### [Given information]
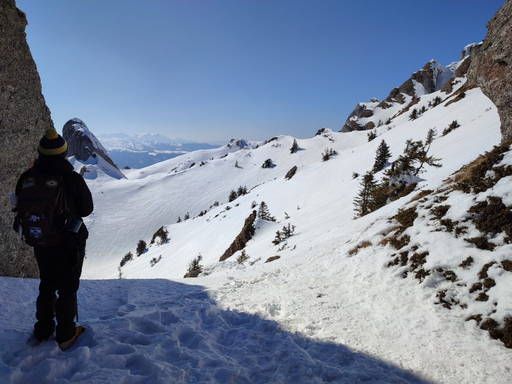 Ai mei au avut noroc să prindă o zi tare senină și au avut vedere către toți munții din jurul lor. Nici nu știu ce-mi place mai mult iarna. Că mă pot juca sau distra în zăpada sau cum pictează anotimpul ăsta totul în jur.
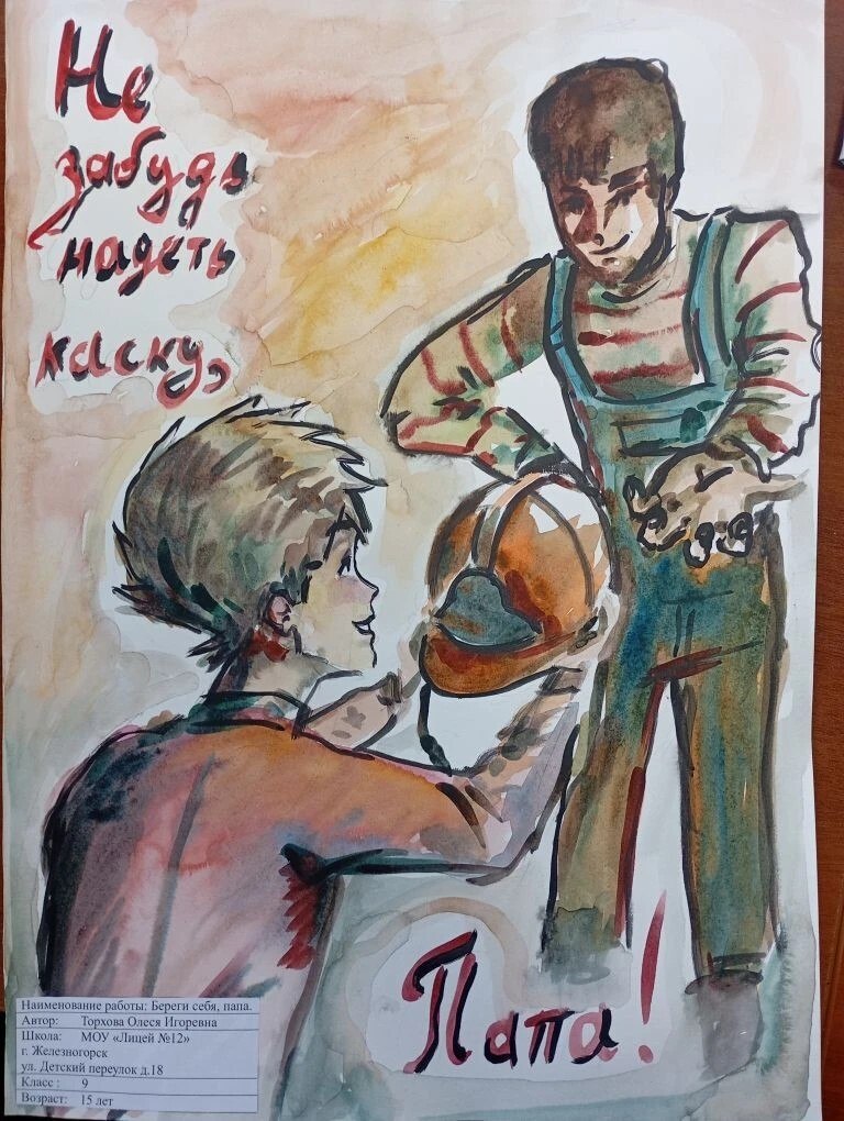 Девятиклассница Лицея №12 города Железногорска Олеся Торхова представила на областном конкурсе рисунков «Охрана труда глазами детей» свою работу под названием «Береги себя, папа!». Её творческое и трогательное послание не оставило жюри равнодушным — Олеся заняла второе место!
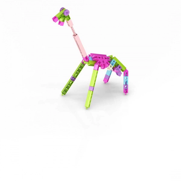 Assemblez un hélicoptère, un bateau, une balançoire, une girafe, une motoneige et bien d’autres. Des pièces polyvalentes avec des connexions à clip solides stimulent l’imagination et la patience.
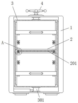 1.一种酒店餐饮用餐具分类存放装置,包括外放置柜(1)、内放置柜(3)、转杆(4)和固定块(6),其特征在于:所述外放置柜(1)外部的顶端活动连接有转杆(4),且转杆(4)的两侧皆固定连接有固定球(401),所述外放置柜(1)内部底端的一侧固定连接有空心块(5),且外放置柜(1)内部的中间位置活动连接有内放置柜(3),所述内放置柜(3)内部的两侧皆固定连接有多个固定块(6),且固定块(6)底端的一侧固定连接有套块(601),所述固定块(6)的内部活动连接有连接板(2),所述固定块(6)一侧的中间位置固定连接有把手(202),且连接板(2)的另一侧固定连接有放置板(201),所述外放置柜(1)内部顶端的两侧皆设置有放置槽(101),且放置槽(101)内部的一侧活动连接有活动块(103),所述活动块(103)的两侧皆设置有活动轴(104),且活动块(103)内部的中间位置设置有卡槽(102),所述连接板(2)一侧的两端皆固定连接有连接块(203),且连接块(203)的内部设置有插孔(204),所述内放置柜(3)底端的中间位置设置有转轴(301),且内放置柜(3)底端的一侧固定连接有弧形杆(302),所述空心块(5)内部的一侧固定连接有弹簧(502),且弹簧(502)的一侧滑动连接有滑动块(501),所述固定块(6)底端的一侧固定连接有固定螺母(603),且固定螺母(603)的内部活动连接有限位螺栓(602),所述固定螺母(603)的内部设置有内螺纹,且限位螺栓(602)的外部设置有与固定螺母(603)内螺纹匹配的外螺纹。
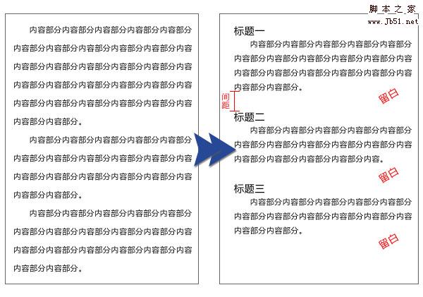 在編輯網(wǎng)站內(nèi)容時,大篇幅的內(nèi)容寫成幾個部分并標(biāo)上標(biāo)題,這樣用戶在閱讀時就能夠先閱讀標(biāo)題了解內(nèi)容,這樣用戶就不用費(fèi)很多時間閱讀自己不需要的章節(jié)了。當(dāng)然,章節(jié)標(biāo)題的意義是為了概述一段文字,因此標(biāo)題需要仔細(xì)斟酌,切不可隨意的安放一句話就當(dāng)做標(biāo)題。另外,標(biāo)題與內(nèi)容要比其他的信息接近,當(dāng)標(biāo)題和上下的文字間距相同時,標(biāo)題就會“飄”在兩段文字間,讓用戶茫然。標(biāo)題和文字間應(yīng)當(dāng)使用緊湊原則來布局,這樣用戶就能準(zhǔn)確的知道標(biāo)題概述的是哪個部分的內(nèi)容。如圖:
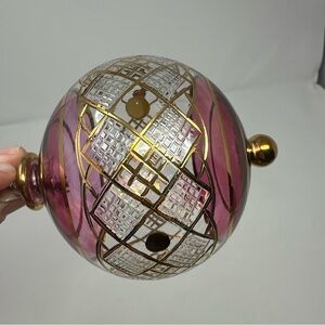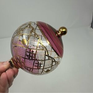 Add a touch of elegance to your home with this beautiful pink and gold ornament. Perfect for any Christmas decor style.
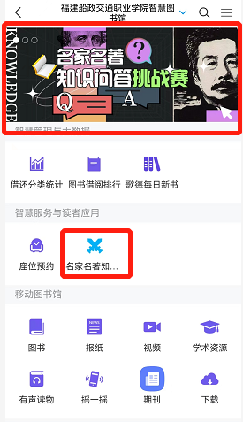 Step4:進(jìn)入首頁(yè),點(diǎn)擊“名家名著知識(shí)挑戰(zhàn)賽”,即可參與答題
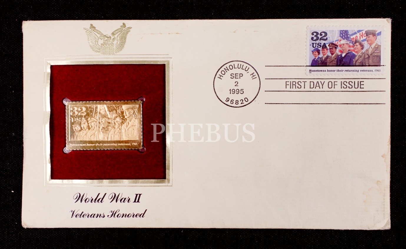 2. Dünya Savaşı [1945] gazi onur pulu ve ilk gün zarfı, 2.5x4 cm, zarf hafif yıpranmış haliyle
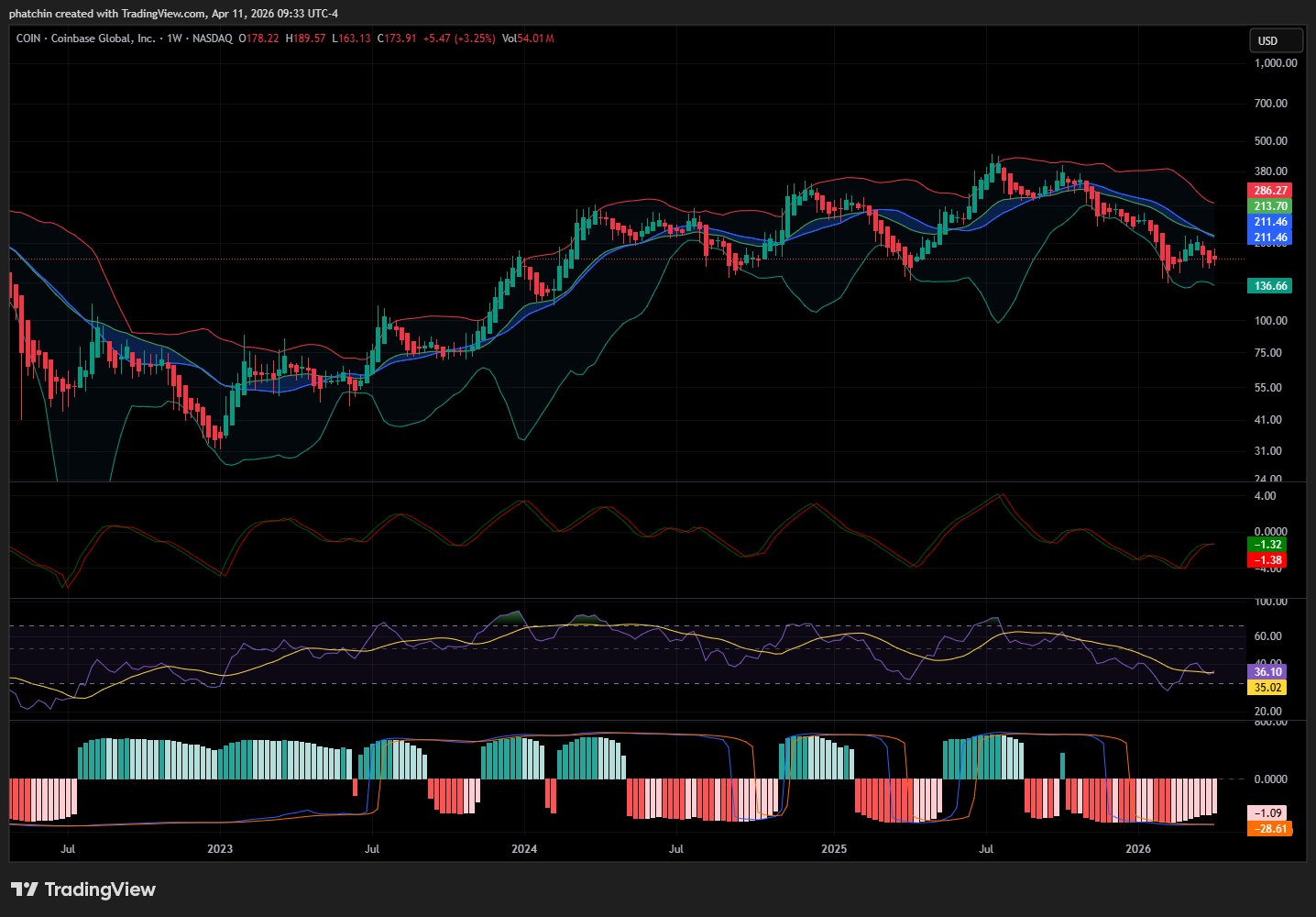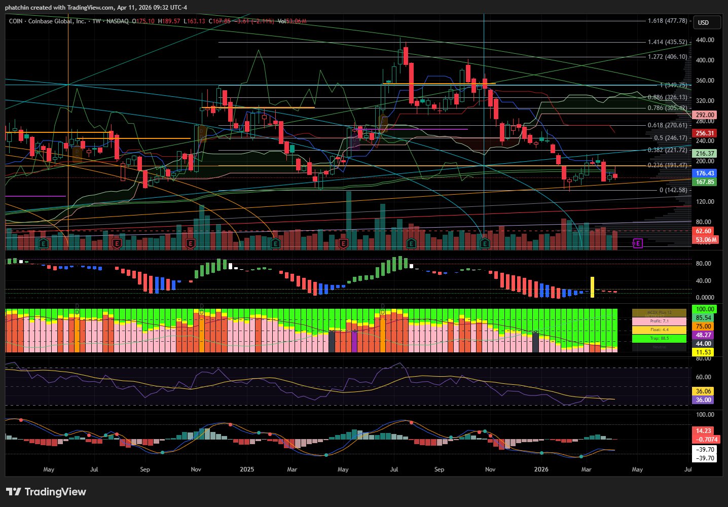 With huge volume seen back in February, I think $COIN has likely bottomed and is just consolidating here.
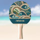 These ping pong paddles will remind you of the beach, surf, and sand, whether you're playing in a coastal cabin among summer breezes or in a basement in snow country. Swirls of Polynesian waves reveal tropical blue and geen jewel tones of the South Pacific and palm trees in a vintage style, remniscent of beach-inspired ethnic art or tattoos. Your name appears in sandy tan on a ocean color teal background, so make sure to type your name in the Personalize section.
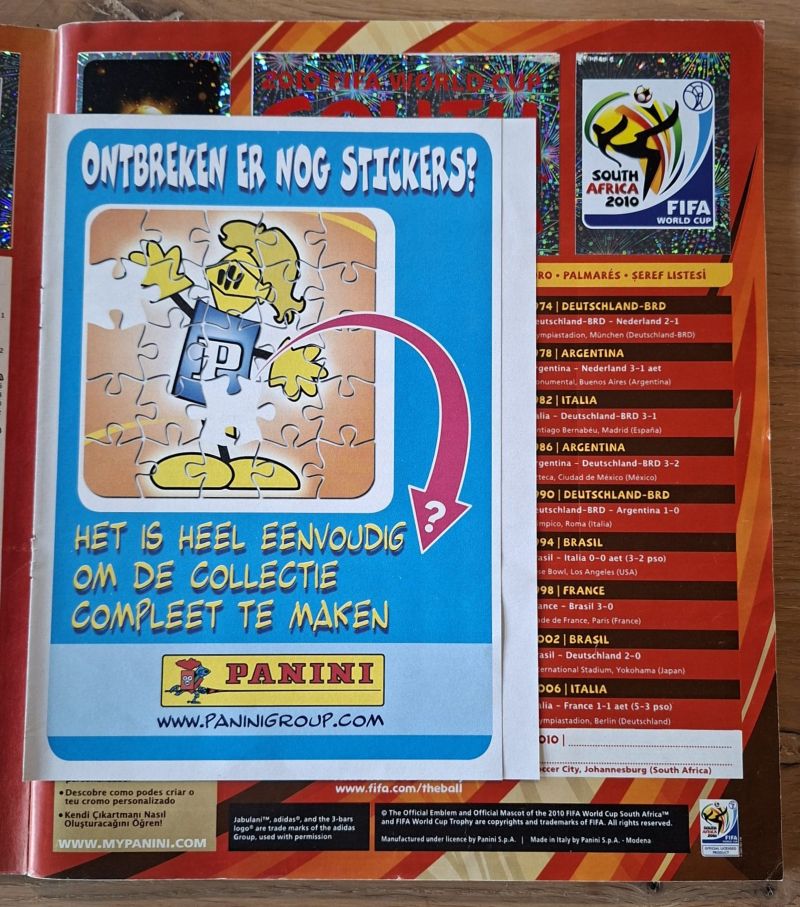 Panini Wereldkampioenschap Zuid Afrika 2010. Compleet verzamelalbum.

### [About this task]
From the data above, retype only the lines starting with the line with "1.一种酒店餐饮用餐具分类存" and going on through the line with "Step4:進(jìn)入首", exactly, leaving out the pictures.

### [Response to the exercise]
 1.一种酒店餐饮用餐具分类存放装置,包括外放置柜(1)、内放置柜(3)、转杆(4)和固定块(6),其特征在于:所述外放置柜(1)外部的顶端活动连接有转杆(4),且转杆(4)的两侧皆固定连接有固定球(401),所述外放置柜(1)内部底端的一侧固定连接有空心块(5),且外放置柜(1)内部的中间位置活动连接有内放置柜(3),所述内放置柜(3)内部的两侧皆固定连接有多个固定块(6),且固定块(6)底端的一侧固定连接有套块(601),所述固定块(6)的内部活动连接有连接板(2),所述固定块(6)一侧的中间位置固定连接有把手(202),且连接板(2)的另一侧固定连接有放置板(201),所述外放置柜(1)内部顶端的两侧皆设置有放置槽(101),且放置槽(101)内部的一侧活动连接有活动块(103),所述活动块(103)的两侧皆设置有活动轴(104),且活动块(103)内部的中间位置设置有卡槽(102),所述连接板(2)一侧的两端皆固定连接有连接块(203),且连接块(203)的内部设置有插孔(204),所述内放置柜(3)底端的中间位置设置有转轴(301),且内放置柜(3)底端的一侧固定连接有弧形杆(302),所述空心块(5)内部的一侧固定连接有弹簧(502),且弹簧(502)的一侧滑动连接有滑动块(501),所述固定块(6)底端的一侧固定连接有固定螺母(603),且固定螺母(603)的内部活动连接有限位螺栓(602),所述固定螺母(603)的内部设置有内螺纹,且限位螺栓(602)的外部设置有与固定螺母(603)内螺纹匹配的外螺纹。
 在編輯網(wǎng)站內(nèi)容時,大篇幅的內(nèi)容寫成幾個部分并標(biāo)上標(biāo)題,這樣用戶在閱讀時就能夠先閱讀標(biāo)題了解內(nèi)容,這樣用戶就不用費(fèi)很多時間閱讀自己不需要的章節(jié)了。當(dāng)然,章節(jié)標(biāo)題的意義是為了概述一段文字,因此標(biāo)題需要仔細(xì)斟酌,切不可隨意的安放一句話就當(dāng)做標(biāo)題。另外,標(biāo)題與內(nèi)容要比其他的信息接近,當(dāng)標(biāo)題和上下的文字間距相同時,標(biāo)題就會“飄”在兩段文字間,讓用戶茫然。標(biāo)題和文字間應(yīng)當(dāng)使用緊湊原則來布局,這樣用戶就能準(zhǔn)確的知道標(biāo)題概述的是哪個部分的內(nèi)容。如圖:
 Add a touch of elegance to your home with this beautiful pink and gold ornament. Perfect for any Christmas decor style.
 Step4:進(jìn)入首頁(yè),點(diǎn)擊“名家名著知識(shí)挑戰(zhàn)賽”,即可參與答題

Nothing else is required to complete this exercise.